The change that had come to me was marvelous beyond all of my power to describe. My cell seemed to be a little palace and I remembered in joy that I had heard my old father sing a song in which were these words: “Prisons would palaces prove if Jesus would dwell with me there.”
How real all things became to me. How clear, true and reasonable the Scriptures, how wicked and unreasonable it was to sin; profanity and all harsh and vulgar words became offensive, the finer sensibilities awakened in my nature. Old things had passed away and I was certainly in Christ a new creature. I felt no shame or hesitancy in telling every one that I was a Christian, that I had found in Jesus a Savior. The delight of our chaplain and my Sunday school teacher seemed to have no bounds. They rejoiced with me, so did all of the Christian prisoners, and not a few of those who were not converted seemed to be profoundly interested and genuinely pleased that I had found forgiveness.
I read the Scriptures with great delight and it was sweet to go into my little cell and betake myself to my knees. I availed myself of every opportunity to speak a kind word of exhortation to prisoners, guards, or visitors, and feel confident that my labors were not in vain in the Lord for not long after my conversion there were several others brought very consciously and very blessedly into a gracious relation with Christ, I think I may safely say as the fruit of my personal work.
I confessed my real name to the warden of the penitentiary and with the assistance of my chaplain wrote quite a number of letters to parties whom I had treated grossly, confessed my sin to them, begged their forgiveness, and told them that Christ had graciously saved me by his grace.

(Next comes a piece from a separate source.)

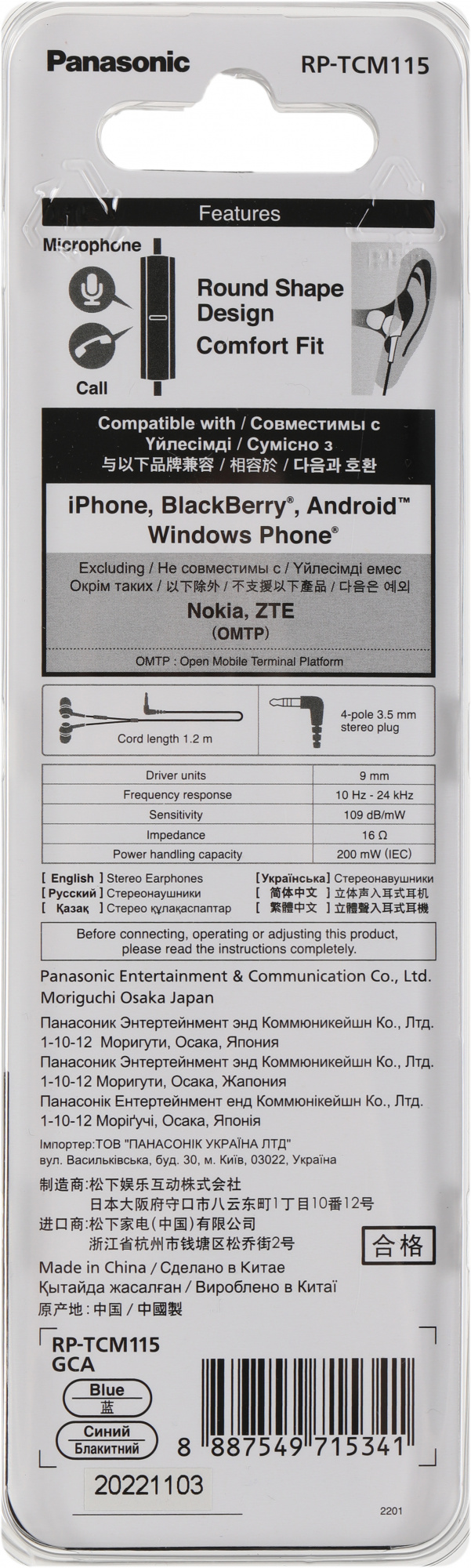 Наушники Panasonic - RP-TCM115GCA, Стерео, 3.5 мм, проводной, цвет синий, RP-TCM115GCA

Having been skeptical, I now found real delight in reading the very best books I could get hold of whose authors were making war on unbelief of every kind. I enjoyed a little book called “The Man of Galilee” which was written by a Bishop Haygood, I think, of Georgia. It was a wonderful little volume.
I sought every opportunity to put books and tracts into the hands of prisoners whom I had found skeptical. I fully realize that I am suffering the just reward of my deeds and should not blame other people. At the same time it is perfectly clear to me that if I had gotten into some good, religious school, instead of the skeptical institution where I was robbed of my faith, I would no doubt have been a happy and useful citizen instead of having lived a miserably wicked life and being shut up here in prison through these weary years with but little probability of much usefulness in the time to come. If the words of a prisoner are worth anything, I would most earnestly urge parents and guardians to keep children under their care out of skeptical colleges. They will find it almost impossible to stem the tide of ridicule and unbelief that is so common among college professors and students, and so likely to spring up in the conditions surrounding the average institution of learning.